Question

Use a CAS to evaluate the definite integrals. If the CAS does not give an exact answer in terms of elementary functions, then give a numerical approximation. $$ \int_{0}^{\pi / 2} \frac{1}{1+2 \cos ^{5} x} d x $$

Short answer

The numerical approximation of the integral is approximately 0.64123.

Step-by-step solution

Understand the Problem

The integral we want to evaluate is \( \int_{0}^{\pi / 2} \frac{1}{1+2 \cos ^{5} x} \, dx \). This is a definite integral over the interval from 0 to \( \frac{\pi}{2} \), with a non-standard integrand. We will use a Computer Algebra System (CAS) to solve this, as it may be complex or impossible to integrate exactly using elementary functions.

Enter the Integral into CAS

Input the integral \( \int_{0}^{\pi / 2} \frac{1}{1+2 \cos ^{5} x} \, dx \) into the CAS. Many CAS tools, like Wolfram Alpha, Maple, or Mathematica, have functions specifically for evaluating definite integrals (e.g., 'integrate' or 'Int').

Analyze CAS Output

After inputting the integral, the CAS will attempt to compute it. We need to check if the CAS provides an exact symbolic result in terms of elementary functions or if it offers only a numerical approximation.

Numerical Approximation

If the CAS does not provide an exact symbolic solution, note the numerical value.

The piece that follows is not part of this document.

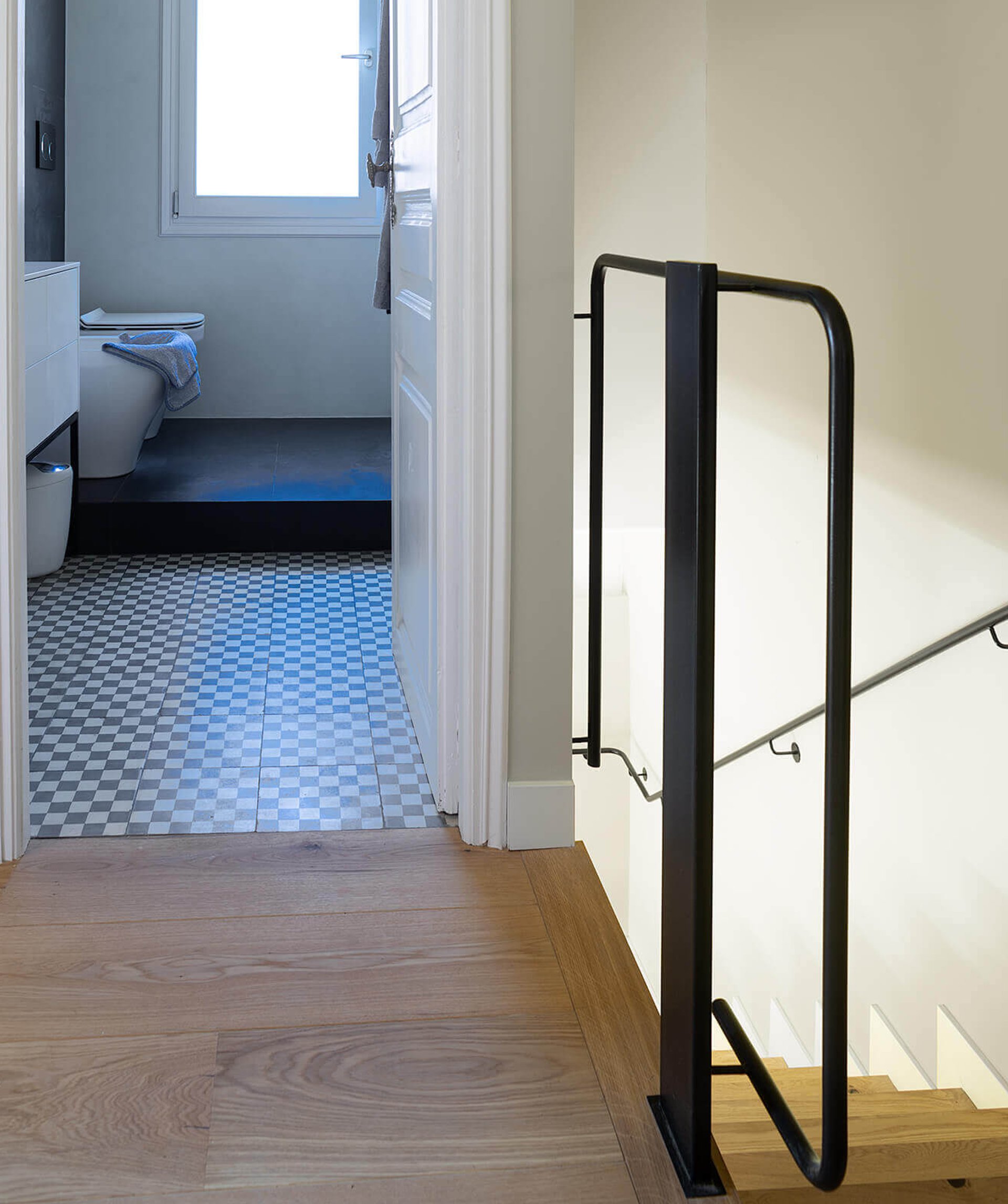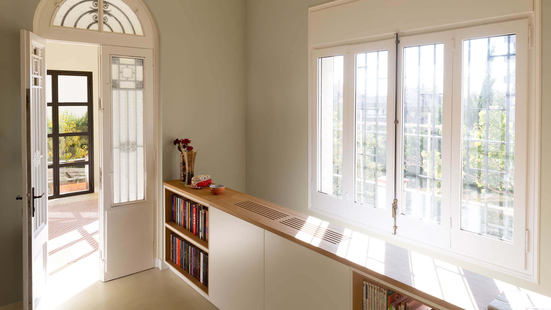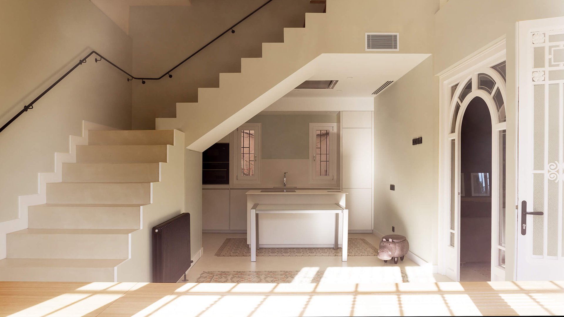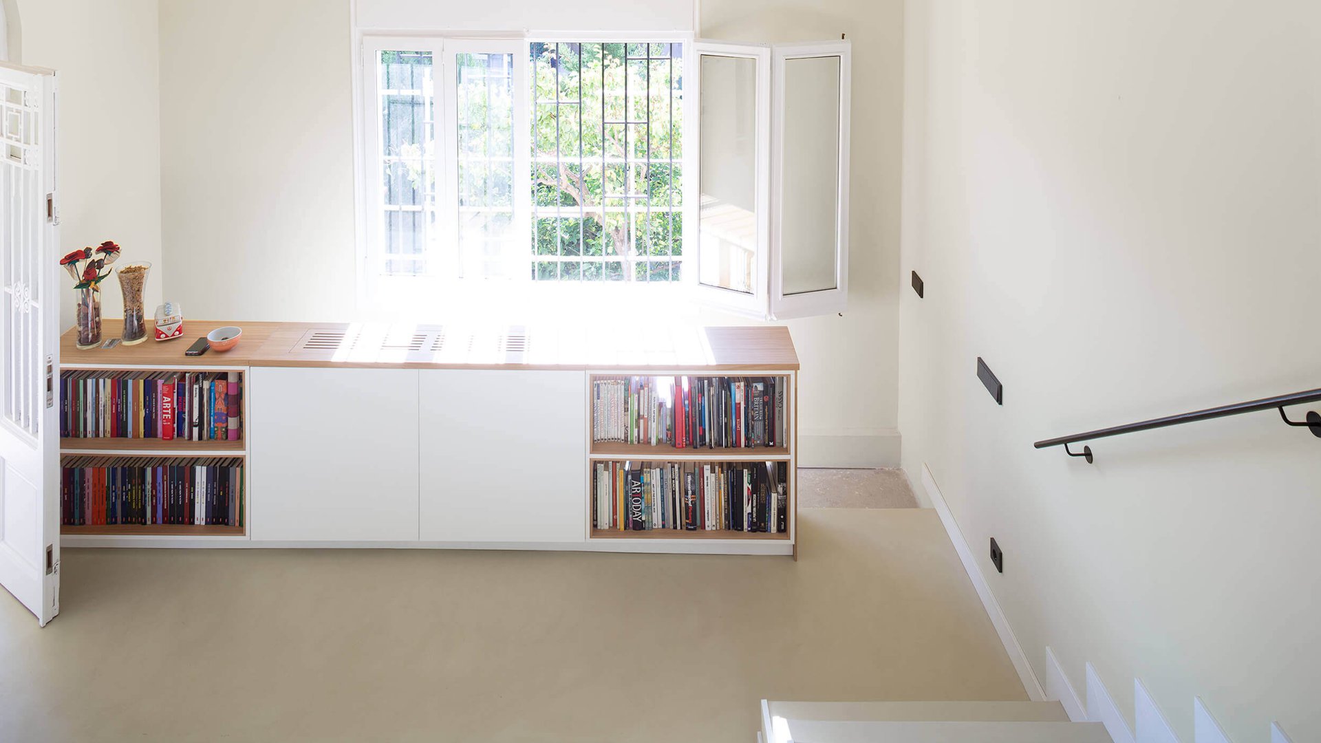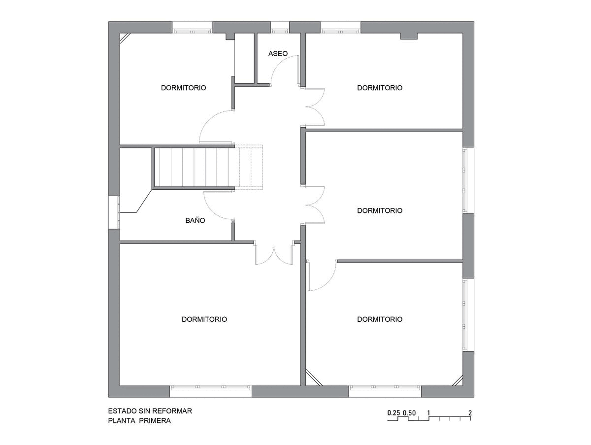 En la reformulación del espacio interior, el cambio de posición de uno de los tramos de la escalera, permite potenciar la unificación de usos, diluyendo antiguos límites, ganando en visuales cruzadas interiores y captando la luz natural del sur que llega hasta la fachada norte.

For this integral, the CAS might not find a neat expression involving elementary functions, so a numerical approximation (to a reasonable number of decimal places) would be appropriate.

Conclude with Final Answer

Once a numerical approximation is available, confirm that this is the output. For example, the approximate value computed might be around 0.64123. This numerical value represents the area under the curve for the given function on the specified interval.

Key concepts

Computer Algebra System

Using a Computer Algebra System (CAS) can greatly simplify the process of evaluating complex integrals. A CAS is a software tool designed to perform various algebraic computations, allowing us to handle mathematically intense operations with ease. These systems are equipped to solve symbolic mathematics problems that might be arduous by hand.
It's like having a mathematical calculator that not only simplifies expressions but also solves equations, computes derivatives, and evaluates integrals. By entering an integral, such as \( \int_{0}^{\pi / 2} \frac{1}{1+2 \cos ^{5} x} \, dx \), into a CAS, the system will use advanced algorithms to find a solution. This might be either an exact representation using elementary functions or a numerical approximation if the problem is too complex or unsolvable with standard functions.
Common CAS tools like Wolfram Alpha, Maple, and Mathematica have dedicated functions, often named something like 'integrate' or 'Int', which streamline these tasks. CAS can thus allow students and professionals to focus more on understanding results rather than getting bogged down by manual calculations.

Numerical Approximation

When a Computer Algebra System encounters an integral that cannot be solved in terms of elementary functions, it often resorts to providing a numerical approximation. This is a process of finding a number which is close to the true solution of a mathematical problem, giving us an insight into the result.
Numerical approximation is particularly useful when dealing with integrals with complex functions, like \( \int_{0}^{\pi / 2} \frac{1}{1+2 \cos ^{5} x} \, dx \). While an exact symbolic solution may not be feasible, calculating a numerical approximation such as 0.64123 provides a practical understanding of the integral's value.
Methods for numerical approximation often involve breaking the integral into small, manageable pieces or using algorithms such as the Simpson's Rule or the Trapezoidal Rule. These methods estimate the area under the curve by summing up geometric segments or parabolic sections that represent the integral's behavior over small intervals.

Elementary Functions

Elementary functions are the basic building blocks in calculus, including polynomials, exponentials, logarithms, and trigonometric functions. They are the standard functions commonly encountered in mathematical expressions.
In calculus, many problems involve integrating functions that can be expressed as elementary functions, allowing for straightforward solutions. However, some integrals, like \( \int_{0}^{\pi / 2} \frac{1}{1+2 \cos ^{5} x} \, dx \), may not resolve neatly into elementary functions.
When a function does not yield an elementary form during integration, mathematicians often rely on numerical methods or special functions from the CAS. The necessity to resort to approximations or advanced techniques highlights the limitations and boundaries of these foundational mathematical functions when faced with complex, real-world problems.